That's why I've been saying that for years. Thin is thin, and, for most of us, they've sold nothing "bulky" or "ungainly" for well over a decade. But it was never enough, was it? For many years, that seemed to be the biggest thing they'd crow about - "It's 7% thinner than the previous model...", etc. - upon the introduction of a new notebook (or phone, iPad, etc.). There is a point where it can work against you. I think they bumped up against that some time ago, on a few products.

And, no...I don't want silly, 1990's-era 1.78" thick notebooks. Nobody does. But when the pursuit of Almighty Thin has impacts on performance, cooling, components, etc., that's when you might want to pull it back a little.

The nice thing about this M1 (and beyond) is that they might have their cake and eat it too...thin as they'd like, but the performance and thermal/battery concerns are all addressed and maybe there's no big trade-off as before.

I'm not anti-thin at all. But there's a point where it makes no sense to go beyond if if means the overall machine is a less-than experience. Nobody's going to marvel at fractions of a millimeter lost if their machine is always throttling down and their scrotum is stir-frying.

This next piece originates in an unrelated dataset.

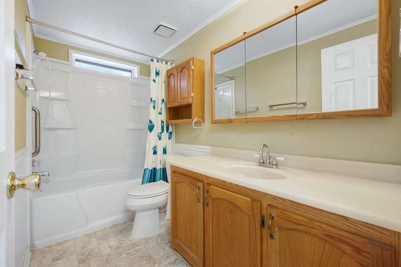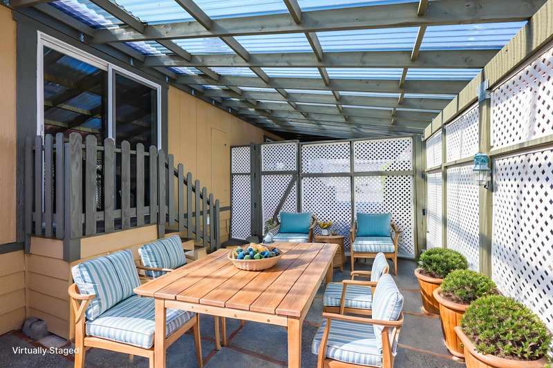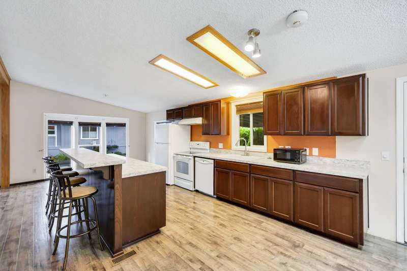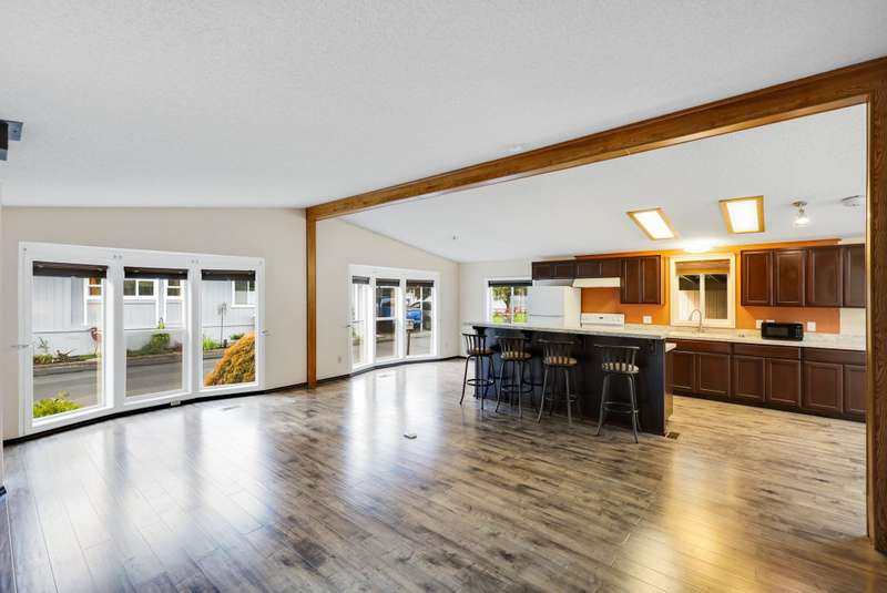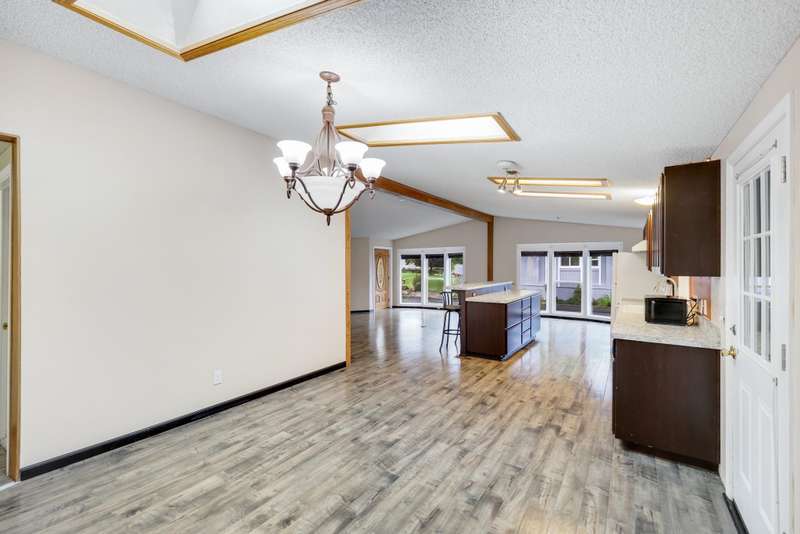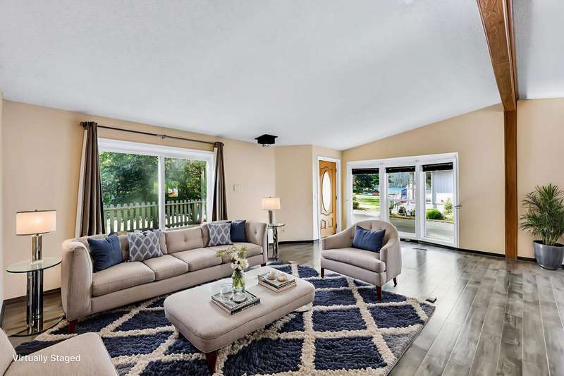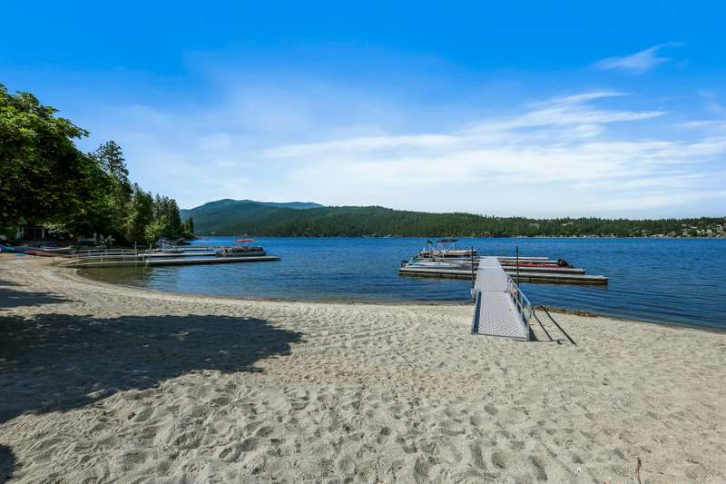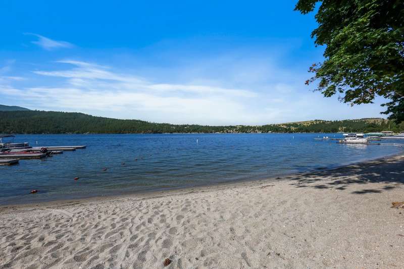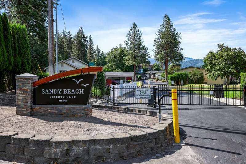NEW FLOORING IN BEDROOMS & BATHROOMS, PLUS PRICE REDUCTION! Liberty Lake Waterfront-Style Living in Gated 55+ Community of Sandy Beach Mobile Park! Beautiful lake views from many rooms as well as the deck and is steps away from the water! The community's private beach and park are extremely well kept and provide picnic tables & a gas fire pit! Optional boat slip rental & RV parking (additional fees) within the park. 3 nearby golf courses, Pavilion Park, walking/biking trails, restaurants, groceries, shopping & many other amenities within a short distance. This community offers something for everyone! Step inside to an open floor plan with vaulted ceilings, floor to ceiling windows, top-down/bottom-up blinds & lovely entertaining space inside & then out to the spacious deck. 3 bedrooms, with the primary having an ensuite plus a slider out to private, enclosed patio. Laundry room with large folder counter & great storage cabinets, in addition to the storage shed. New roof & skylights 2022. Monthly lot fee $997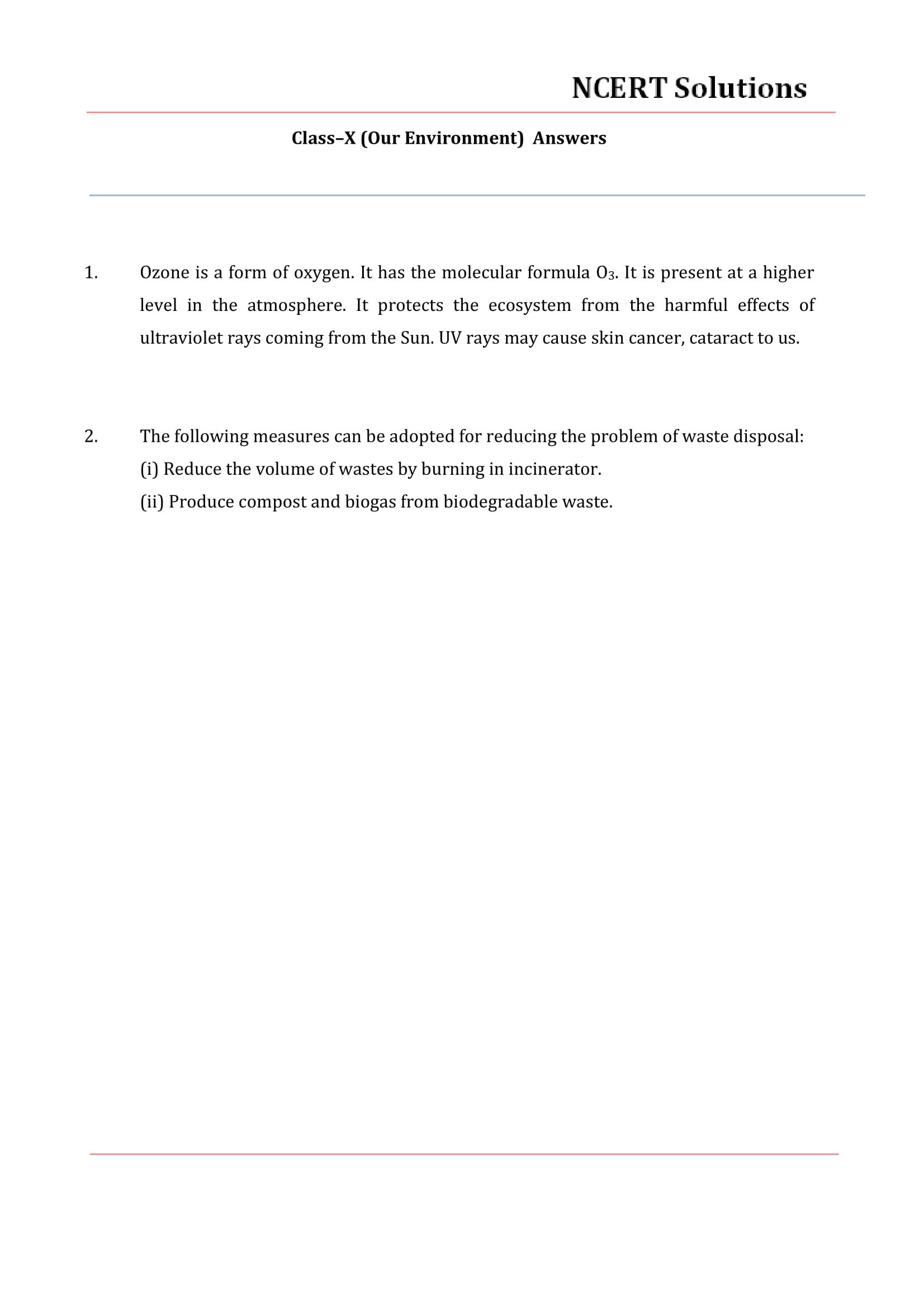 NCERT Solutions For Class 10 Science Chapter 15 Our Environment - PDF Download

I always got a perverse kick during the keynotes or an event when some Apple exec breathlessly touted the even-thinner, smaller body that was already plenty thin/small enough, and it was met with dead silence. That's a polite crowd's way of saying "we don't really give a shit, quit obsessing on that metric; it's not cute anymore. The MacBook Air has been around for quite some time, and it was already plenty thin the day Steve pulled it out of that envelope. Relax."